General Foundation News

Detroit Debt Forgiveness Agreement Announcement.jpg
Pictured left to right: Henry Ford College President Russell A. Kavalhuna, Oakland University President Ora Hirsch Pescovitz, Wayne State University President M. Roy Wilson, Detroit Regional Chamber President and CEO Sandy K. Baruah, and Brandy Johnson, advisor, Postsecondary Education and Workforce Development, Executive Policy Office for Michigan Governor Gretchen Whitmer. 

The Detroit Regional Chamber, in partnership with three Detroit-area higher education institutions – Henry Ford College, Oakland University and Wayne State University – announced a new debt forgiveness program for students who previously incurred debt at the institutions but did not earn a degree or certificate. The new program aims to help the 693,000 adults in the Detroit area who have earned some college credits continue and eventually complete their studies.

“One of the most effective ways to increase our region’s education attainment level is to remove barriers to those adults who already have some college credits to be able to complete their degree or certificate program, “said Sandy Baruah, president and CEO of the Detroit Regional Chamber.

Last year, The Kresge Foundation, in partnership with Lumina Foundation, designated Detroit as a ‘Talent Hub,’ alongside 23 other cities nationwide. Cities earned the ‘Talent Hub’ designation by creating environments that attract, retain and cultivate talent, particularly among students of color, students who are the first in their families to go to college, or students from low-income households.

This new debt forgiveness program fits into the Chamber’s Detroit Drives Degrees initiative designed to improve the talent pipeline in the Detroit region and promote greater economic mobility and inclusive prosperity. The initiative’s strategic plan aims to increase postsecondary attainment to 60% by 2030.

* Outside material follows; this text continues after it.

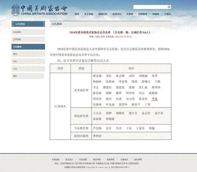 扬子晚报网1月6日讯 (记者 王国柱)1月6日,中国美术家协会公布2024年度新会员名单,泰州籍书画家李俊榜上有名。此前,他已经是中国书法家协会会员,成为全国仅占1.5%-3%比例的国字号“双会员”之一,系泰州第二位“双会员”,这是对他在书画界扎实的艺术功底和亮眼的创作成绩的充分肯定。

“Improving postsecondary attainment rates can have a transformative effect in our region and throughout our state,” said Caroline Altman Smith, deputy director of Kresge’s education program. “This debt forgiveness program will remove one of the most significant hurdles to completion and make it clear to adults in the Detroit region that there is a pathway for them to head back to college to finish what they started.”

Three tenets of Detroit’s debt-forgiveness partnership:

  • There is no limit to how many former students can participate in each institution’s debt-forgiveness plan;
  • The debt forgiveness plan provides up to $1,500 of debt-forgiveness per student attending a four-year university or forgives half of the total debt owed by students attending a community college.
  • Participating institutions agree to release academic transcripts of indebted former students who wish to attend another institution that is part of the debt forgiveness compact and who agree to enroll in a payment plan.

The Detroit Talent Hub is a collaboration between the Chamber and several Detroit-area colleges to reengage students who earned college credits but left before earning a degree. Kresge’s support for Talent Hubs comes from its national Education Program, which includes a focus on aligning and strengthening urban higher education ecosystems to help more students from low-income households, under-represented students and students of color gain access to and succeed in higher education.